PROBLEM. With any pictures left out, restate word for word the lines in the listing below from the one holding "EXTRA GLASS® |" through the last.

AVAILABLE RECORDS.
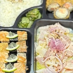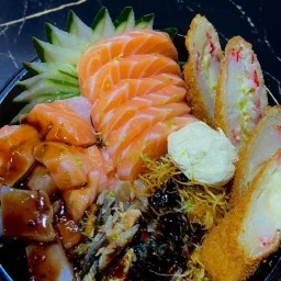Nosso Combinado de Sushi e Sashimi 10 Fatias de Sashimi de Salmão.10 Un Uramaki de Salmão Grelhado.10 Un Uramaki kani.10 Un Uramaki Califórnia. 10 Un Uramaki Filadélfia.10 Un Hot Filadélfia.10 Un Uramaki Skin.
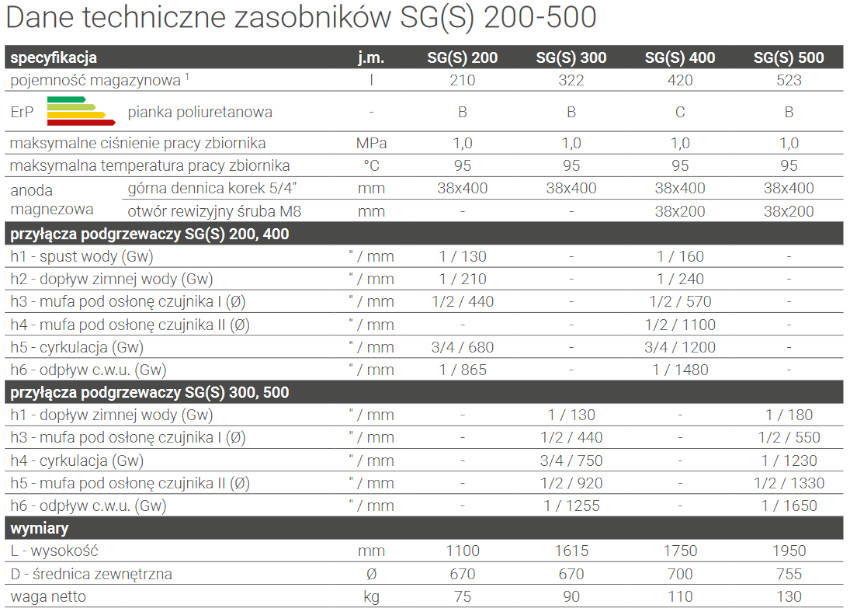| Materiał płaszcza zbiornika | stal malowana proszkowo - emalia ceramiczna nakładana metodą na mokro - EXTRA GLASS® |
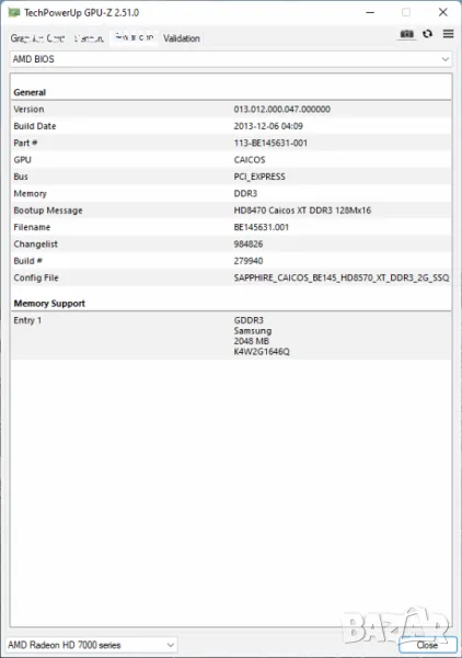 Chipset/GPU Model: AMD Radeon HD 8470/Caicos XT
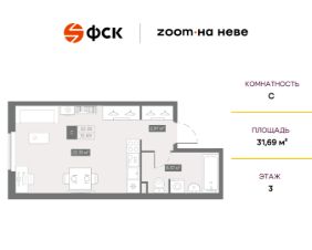 Цена со скидкой до 30% в прямой продаже от застройщика — только в этом месяце. При покупке апартаментов - паркинг за полцены. На все апартаменты действует беспроцентная рассрочка. Купите на распродаже! Покупка недвижимости в Zoom на Неве сейчас со скидкой до 30% позволит через 2 года получить доход до 6 300 000 руб. Роскошные виды на Неву. Апартамент-студия в комплексе класса бизнес-лайт Zoom на Неве на 3-м этаже. Общая площадь 31,69. Чистовая отделка.
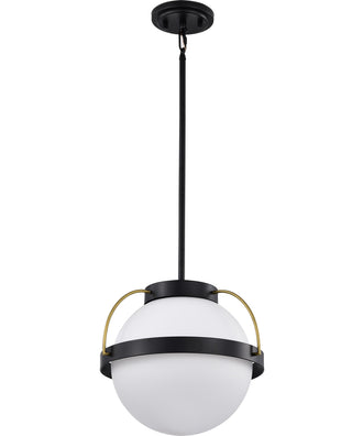 The Lakeshore 1-Light Pendant in Matte Black is a stunning addition to any home or office space. Its sleek, modern design features a spherical white opal glass shade encased in a matte black steel frame with natural brass accents. This sophisticated combination of materials and finishes creates a timeless piece that complements both contemporary and traditional decor styles.

TASK SOLUTION.
| Materiał płaszcza zbiornika | stal malowana proszkowo - emalia ceramiczna nakładana metodą na mokro - EXTRA GLASS® |
 Chipset/GPU Model: AMD Radeon HD 8470/Caicos XT
 Цена со скидкой до 30% в прямой продаже от застройщика — только в этом месяце. При покупке апартаментов - паркинг за полцены. На все апартаменты действует беспроцентная рассрочка. Купите на распродаже! Покупка недвижимости в Zoom на Неве сейчас со скидкой до 30% позволит через 2 года получить доход до 6 300 000 руб. Роскошные виды на Неву. Апартамент-студия в комплексе класса бизнес-лайт Zoom на Неве на 3-м этаже. Общая площадь 31,69. Чистовая отделка.
 The Lakeshore 1-Light Pendant in Matte Black is a stunning addition to any home or office space. Its sleek, modern design features a spherical white opal glass shade encased in a matte black steel frame with natural brass accents. This sophisticated combination of materials and finishes creates a timeless piece that complements both contemporary and traditional decor styles.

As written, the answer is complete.